To be clear, AI model developers will likely continue chasing after larger compute cluster and bigger datasets for pretraining, and there’s probably more improvement to eke out of those methods. Elon Musk recently finished building a supercomputer with 100,000 GPUs, dubbed Colossus, to train xAI’s next models. There will be more, and larger, clusters to come.

But trends suggest exponential growth is not possible by simply using more GPUs with existing strategies, so new methods are suddenly getting more attention.


Test-time compute: The AI industry’s next big bet​


When OpenAI released a preview of its o1 model, the startup announced it was part of a new series of models separate from GPT.

OpenAI improved its GPT models largely through traditional scaling laws: more data, more power during pretraining. But now that method reportedly isn’t gaining them much. The o1 framework of models relies on a new concept, test-time compute, so called because the computing resources are used after a prompt, not before. The technique hasn’t been explored much yet in the context of neural networks, but is already showing promise.

Some are already pointing to test-time compute as the next method to scale AI systems.

“A number of experiments are showing that even though pretraining scaling laws may be slowing, the test-time scaling laws — where you give the model more compute at inference — can give increasing gains in performance,” said a16z’s Midha.

“OpenAI’s new ‘o’ series pushes [chain-of-thought] further, and requires far more computing resources, and therefore energy, to do so,” said famed AI researcher Yoshua Bengio in an op-ed on Tuesday. “We thus see a new form of computational scaling appear. Not just more training data and larger models but more time spent ‘thinking’ about answers.”

Over a period of 10 to 30 seconds, OpenAI’s o1 model re-prompts itself several times, breaking down a large problem into a series of smaller ones. Despite ChatGPT saying it is “thinking,” it isn’t doing what humans do — although our internal problem-solving methods, which benefit from clear restatement of a problem and stepwise solutions, were key inspirations for the method.

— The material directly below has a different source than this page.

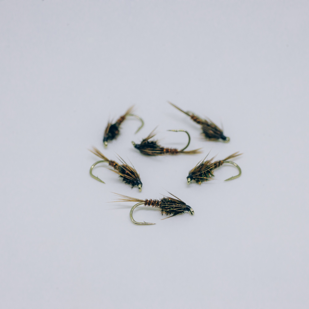 The unweighted Pheasant Tail Nymph is a timeless fly pattern that closely imitates slender mayfly nymphs found in many rivers and streams. Without added weight, it sinks slowly and drifts naturally, making it perfect for shallow water or finicky fish that are easily spooked. Its slim body, crafted from pheasant tail fibers and ribbed with fine wire, creates a subtle, realistic profile that trout readily recognize as food. Effective in a wide range of conditions, it remains a must-have pattern in any fly angler’s box. Size 14.

A decade or so back, Noam Brown, who now leads OpenAI’s work on o1, was trying to build AI systems that could beat humans at poker. During a recent talk, Brown says he noticed at the time how human poker players took time to consider different scenarios before playing a hand. In 2017, he introduced a method to let a model “think” for 30 seconds before playing. In that time, the AI was playing different subgames, figuring out how different scenarios would play out to determine the best move.

Ultimately, the AI performed seven times better than his past attempts.

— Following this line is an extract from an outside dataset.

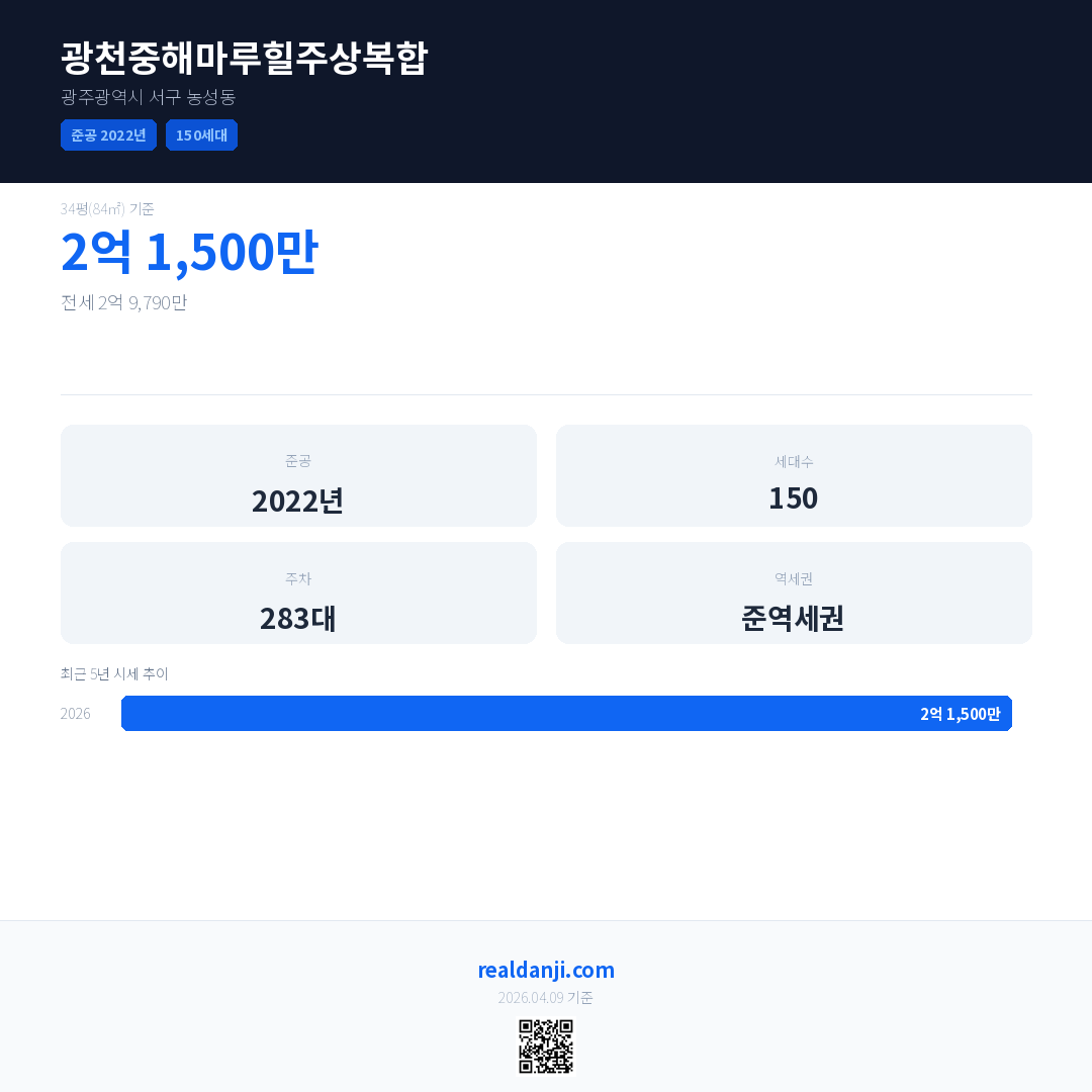 광천중해마루힐주상복합은(는) 2022년에 준공되었으며, 현재 4년차입니다. 총 150세대 규모입니다.

Granted, Brown’s research in 2017 did not use neural networks, which weren’t as popular at the time. However, MIT researchers released a paper last week showing that test-time compute significantly improves an AI model’s performance on reasoning tasks.

It’s not immediately clear how test-time compute would scale. It could mean that AI systems need a really long time to think about hard questions; maybe hours or even days. Another approach could be letting an AI model “think” through a questions on lots of chips simultaneously.

If test-time compute does take off as the next place to scale AI systems, Midha says the demand for AI chips that specialize in high-speed inference could go up dramatically. This could be good news for startups such as Groq or Cerebras, which specialize in fast AI inference chips. If finding the answer is just as compute-heavy as training the model, the “pick and shovel” providers in AI win again.


The AI world is not yet panicking​


Most of the AI world doesn’t seem to be losing their cool about these old scaling laws slowing down. Even if test-time compute does not prove to be the next wave of scaling, some feel we’re only scratching the surface of applications for current AI models.

New popular products could buy AI model developers some time to figure out new ways to improve the underlying models.

“I’m completely convinced we’re going to see at least 10 to 20x gains in model performance just through pure application-level work, just allowing the models to shine through intelligent prompting, UX decisions, and passing context at the right time into the models,” said Midha.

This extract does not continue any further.